▶ _What you are asked to do_
Below are the records; repeat exactly their lines between the line holding "Um bolo de chocolate" and the line holding "der bewegten Stadtgeschichte.", inclusive, skipping the pictures.

▶ _Study material_
Start of Block
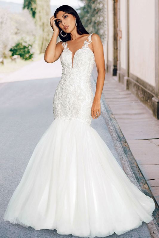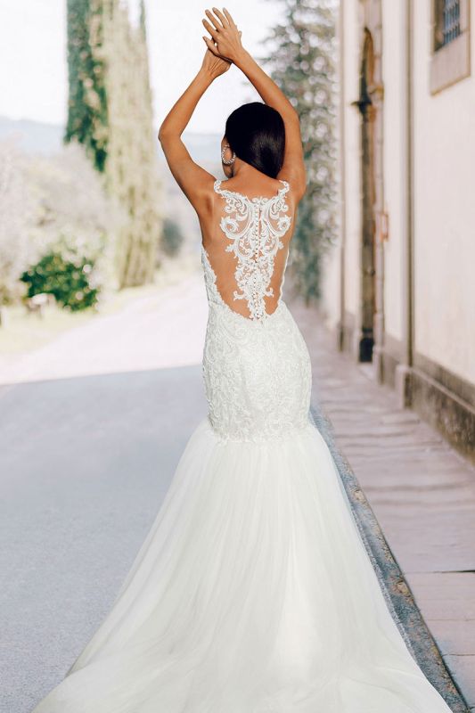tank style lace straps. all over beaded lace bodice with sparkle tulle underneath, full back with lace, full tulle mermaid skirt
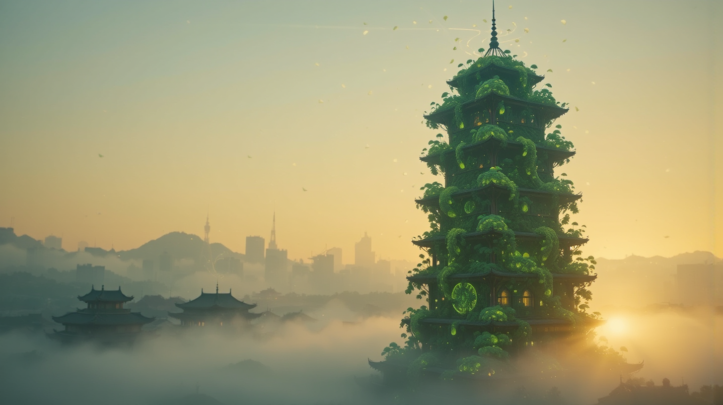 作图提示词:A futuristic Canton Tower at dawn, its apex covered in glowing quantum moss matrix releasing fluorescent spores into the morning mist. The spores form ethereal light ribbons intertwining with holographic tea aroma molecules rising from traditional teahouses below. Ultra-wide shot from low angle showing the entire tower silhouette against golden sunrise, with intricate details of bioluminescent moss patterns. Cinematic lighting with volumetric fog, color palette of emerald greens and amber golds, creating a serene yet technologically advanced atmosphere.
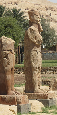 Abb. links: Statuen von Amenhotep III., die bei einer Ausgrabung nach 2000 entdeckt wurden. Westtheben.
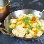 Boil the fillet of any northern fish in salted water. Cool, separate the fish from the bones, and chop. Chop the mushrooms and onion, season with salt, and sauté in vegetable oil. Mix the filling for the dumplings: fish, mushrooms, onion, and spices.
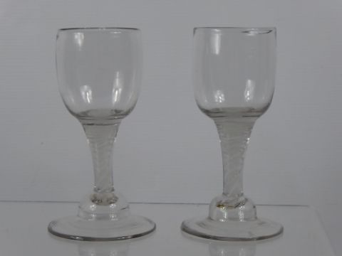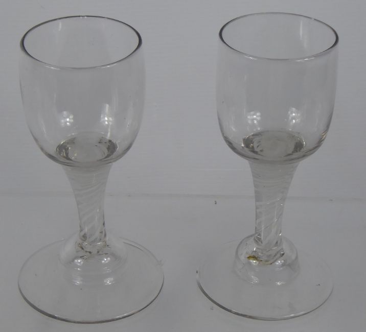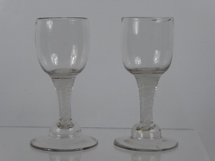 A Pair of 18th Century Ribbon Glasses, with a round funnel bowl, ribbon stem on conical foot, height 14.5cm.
End of Block
Start of Block
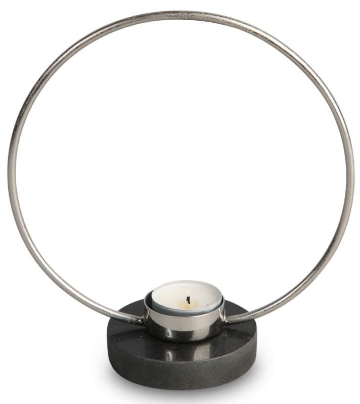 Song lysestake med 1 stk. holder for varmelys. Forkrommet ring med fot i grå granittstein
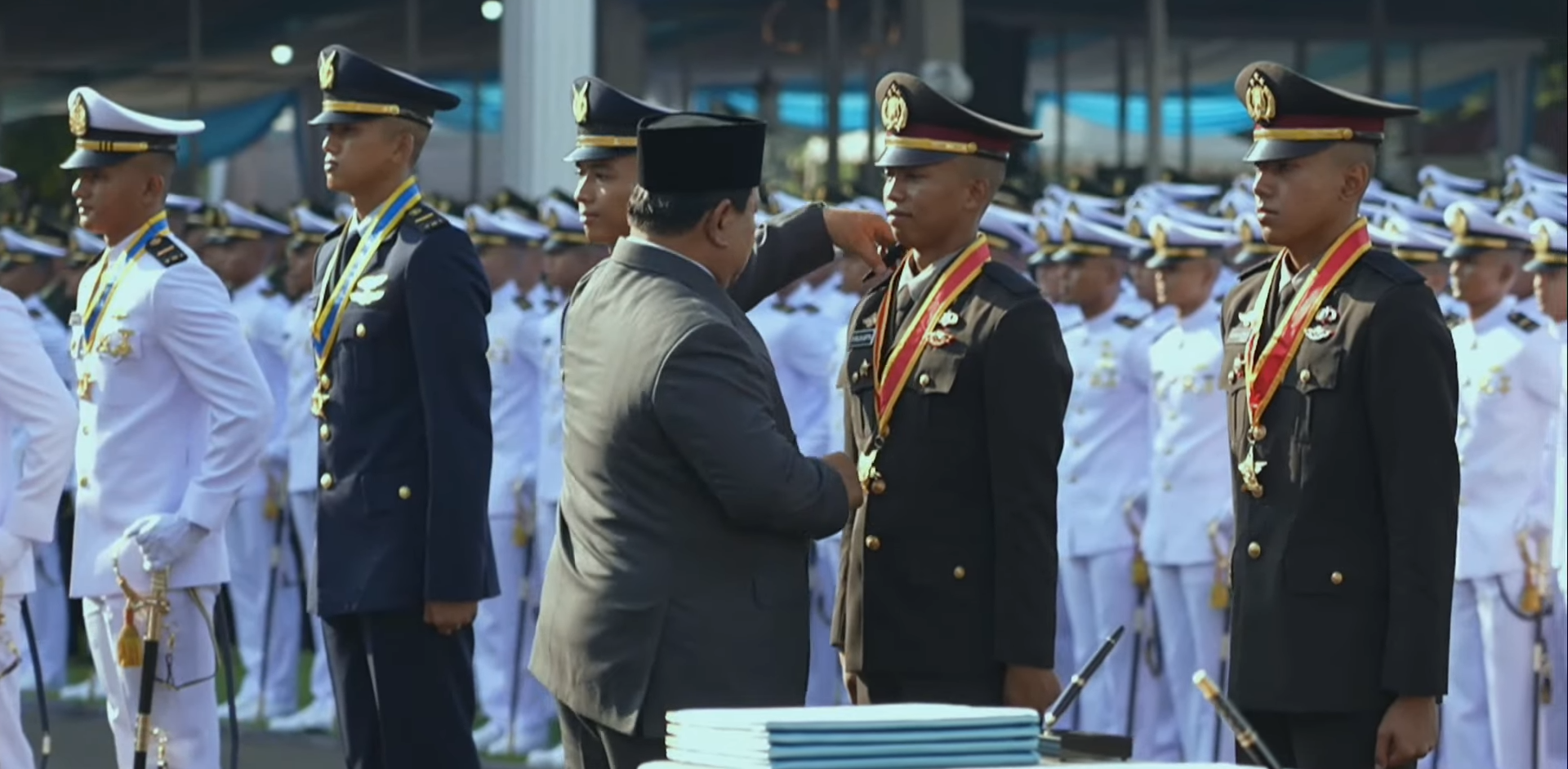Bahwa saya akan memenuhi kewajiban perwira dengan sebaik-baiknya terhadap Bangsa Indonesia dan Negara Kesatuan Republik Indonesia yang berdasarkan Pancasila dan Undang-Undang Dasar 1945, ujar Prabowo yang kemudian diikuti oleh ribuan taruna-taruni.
End of Block
Start of Block
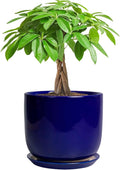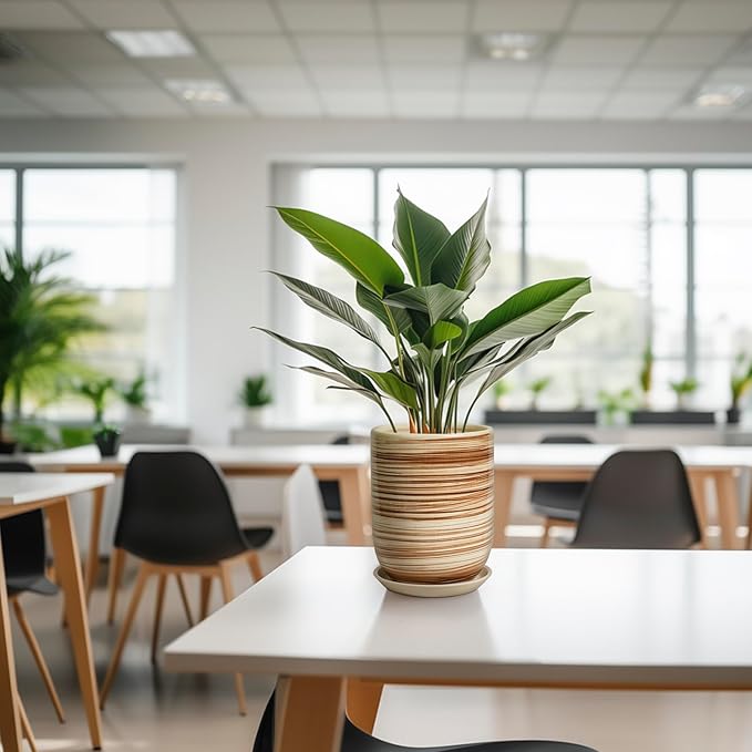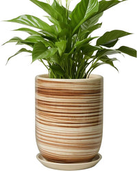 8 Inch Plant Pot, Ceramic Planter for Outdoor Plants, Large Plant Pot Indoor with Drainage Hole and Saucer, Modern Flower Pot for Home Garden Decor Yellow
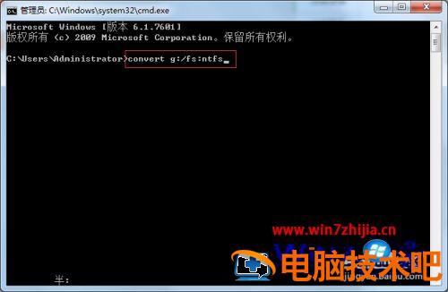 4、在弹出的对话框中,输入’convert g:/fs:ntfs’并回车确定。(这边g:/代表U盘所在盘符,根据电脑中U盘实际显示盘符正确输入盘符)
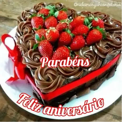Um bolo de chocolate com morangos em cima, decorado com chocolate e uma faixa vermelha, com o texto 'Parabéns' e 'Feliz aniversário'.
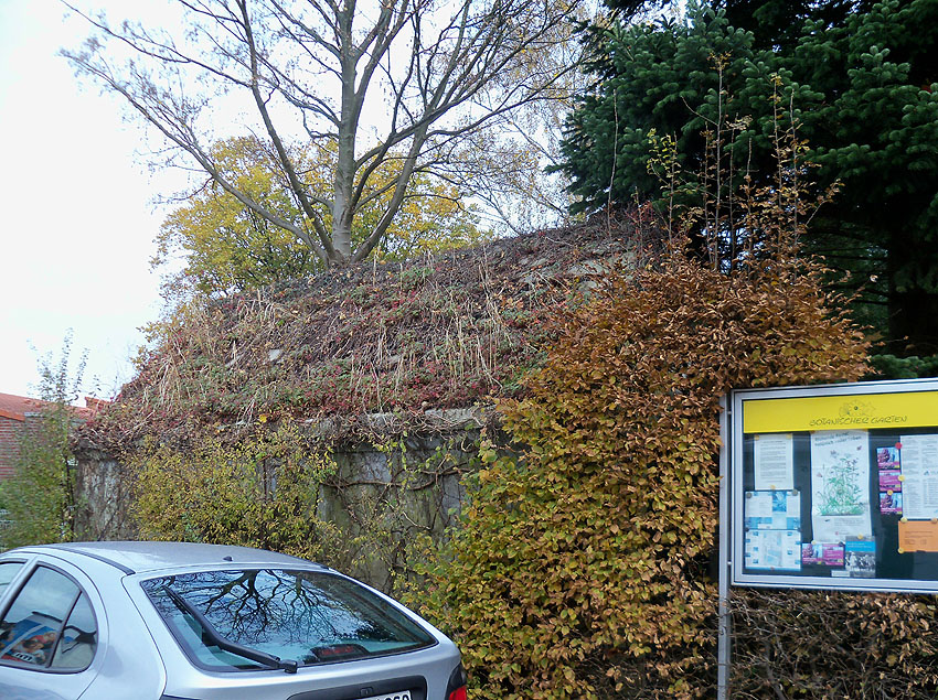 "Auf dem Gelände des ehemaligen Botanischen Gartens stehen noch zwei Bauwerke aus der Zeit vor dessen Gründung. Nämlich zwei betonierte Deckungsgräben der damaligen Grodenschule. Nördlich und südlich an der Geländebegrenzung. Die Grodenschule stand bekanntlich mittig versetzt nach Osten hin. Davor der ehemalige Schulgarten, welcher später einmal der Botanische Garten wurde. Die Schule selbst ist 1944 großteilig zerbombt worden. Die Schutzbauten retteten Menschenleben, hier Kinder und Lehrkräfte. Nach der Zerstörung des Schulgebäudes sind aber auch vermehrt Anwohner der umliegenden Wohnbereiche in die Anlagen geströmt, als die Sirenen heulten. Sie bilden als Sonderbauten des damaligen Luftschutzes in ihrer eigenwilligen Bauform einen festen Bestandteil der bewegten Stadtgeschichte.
End of Block
▶ _Task answer_
Um bolo de chocolate com morangos em cima, decorado com chocolate e uma faixa vermelha, com o texto 'Parabéns' e 'Feliz aniversário'.
 "Auf dem Gelände des ehemaligen Botanischen Gartens stehen noch zwei Bauwerke aus der Zeit vor dessen Gründung. Nämlich zwei betonierte Deckungsgräben der damaligen Grodenschule. Nördlich und südlich an der Geländebegrenzung. Die Grodenschule stand bekanntlich mittig versetzt nach Osten hin. Davor der ehemalige Schulgarten, welcher später einmal der Botanische Garten wurde. Die Schule selbst ist 1944 großteilig zerbombt worden. Die Schutzbauten retteten Menschenleben, hier Kinder und Lehrkräfte. Nach der Zerstörung des Schulgebäudes sind aber auch vermehrt Anwohner der umliegenden Wohnbereiche in die Anlagen geströmt, als die Sirenen heulten. Sie bilden als Sonderbauten des damaligen Luftschutzes in ihrer eigenwilligen Bauform einen festen Bestandteil der bewegten Stadtgeschichte.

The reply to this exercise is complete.